By Anthony Marcum
Within minutes of Brett Kavanaugh’s Supreme Court nomination, opponents were quick to highlight a 2009 article written by Kavanaugh for the Minnesota Law Review. Some claim the article supports the position that the president is shielded from any legal liability, including criminal prosecution. With this, opponents to President Trump’s selection have speculated that Kavanaugh was chosen to protect Trump from Special Counsel Robert Mueller’s current investigation.
This, however, is a vast misreading of Kavanaugh’s work.
The 2009 article was adapted from a speech Kavanaugh gave to law students only weeks before the 2008 election, addressing possible challenges facing the new president. In it, he recalls his experience working for Kenneth Starr during the President Clinton investigation and in the White House during the Bush administration.
Next is where critics get it wrong. “Having seen first-hand how complex and difficult that job is,” Kavanaugh writes, “I believe it vital that the President be able to focus on his never-ending tasks with as few distractions as possible.” Kavanaugh then argues that Congress should pass legislation deferring any civil suits, criminal investigation or prosecutions until a president is out of office.
The imperative words are Congress and legislation. Kavanaugh is not expressing a legal opinion, but a policy proposal. The article is, in fact, silent as to whether he believes the constitution bars prosecuting or suing a sitting president. Yet, Kavanaugh’s proposal for greater legislative protections offers a hint. After all, if Kavanaugh believed that the constitution forbids suits, investigations or prosecutions against a sitting president, legislation to defer them until after the president’s tenure would be unnecessary.
Even if Kavanaugh believed the constitution prohibits the indictment of a sitting president, his view would be well within the mainstream. The Office of Legal Counsel (an office within the Department of Justice) has for decades concluded that a sitting president is constitutionally immune from prosecution. And most legal scholars similarly believe a president is immune while in office.
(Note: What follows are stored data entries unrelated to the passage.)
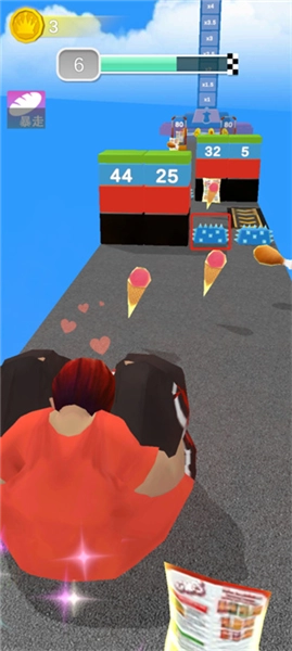 《健身房终结者》是一款把跑酷和节奏点击玩法结合起来的趣味休闲游戏。玩家要化身成一个一心想摆脱束缚的“吃货”,任务就是从健身房里逃出去,顺利到达终点。游戏操作是滑动屏幕让角色左右移动,路上得收集汉堡、炸鸡这类高热量的食物来补充能量,角色能跑多快全看能量够不够。遇到障碍墙的时候,得用掉一定的能量才能穿过去;要是碰到地刺这种能要命的陷阱,就得灵活地躲过去。等成功到了终点,游戏就会进入第二阶段——快速点击屏幕完成拳击挑战,点击得有多快,假人能飞多远、最后金币奖励能翻几倍就由这个决定。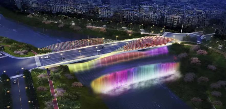 该项目道路全长214m,其中桥梁部分长约171m,横跨西溪河,总投资7206万元。其跨河主桥设计采用“鸿雁桥”造型,设计标准为城市主干道II级,宽34m(双向6车道+2个独立非机动车道),设计速度50Km/h,预计2024年3月14日建成通车。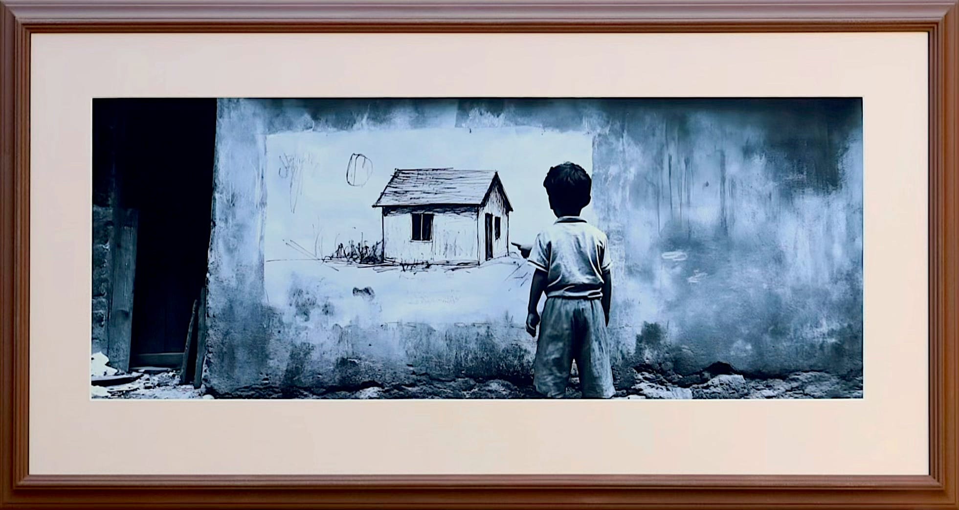A deeply moving street art photograph capturing a young boy gazing at a hand-drawn house sketch on a weathered blue wall, embodying childhood hope against urban hardship. The poignant composition and cool blue tones create powerful emotional resonance exploring themes of aspiration, innocence, and the universal longing for home. Socially conscious fine art photography for collectors who value narrative depth and humanitarian perspectives.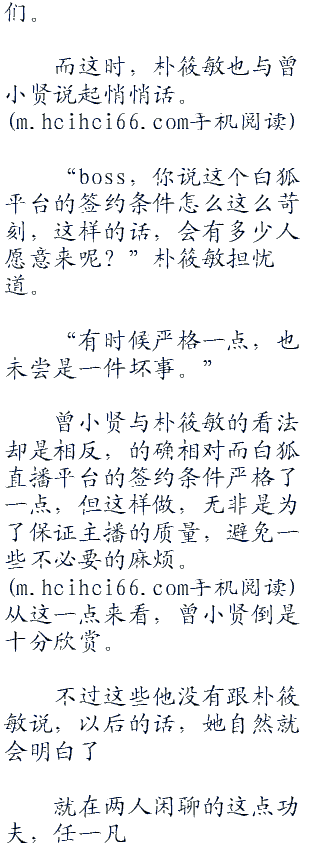 曾小贤与朴筱敏的看法却是相反,的确相对而白狐直播平台的签约条件严格了一点,但这样做,无非是为了保证主播的质量,避免一些不必要的麻烦。从这一点来看,曾小贤倒是十分欣赏。

Importantly, although Kavanaugh’s legislative proposals are executive-friendly, he still recognizes Congress’s crucial role in checking the president’s powers. As he notes, the constitution offers Congress the ultimate “check against a bad-behaving or law-breaking President” – impeachment.
Still, some may contend that impeachment is unlikely if legislation exists barring criminal investigations. But the article does not propose barring congressional investigations. Indeed, in an earlier 1998 article, Kavanaugh argues that, when concerning the president, “congressional investigation must take place in lieu of criminal investigation.” He further claims that, historically, congressional investigations are where the public learns about “committed malfeasance in office.”
A fair review of Kavanaugh’s writings should reassure those who have concerns about his judicial independence. Although he may have suspicions about the merits of civil suits and prosecutions against sitting presidents, he has never claimed that a president is above the law. On the contrary, he supports robust congressional review and the power of the political process to remove an unworthy president from power. These are not partisan beliefs. Kavanaugh’s 2009 article was published in the first year of an Obama presidency, and his earlier 1998 article was written soon after work helping to investigate President Clinton.
As for any Supreme Court nominee, the Senate should carefully review and scrutinize Kavanaugh’s record. But a mischaracterization of his writings debases his critics’ credibility and serves as another example of the lamentably polarized judicial nomination process.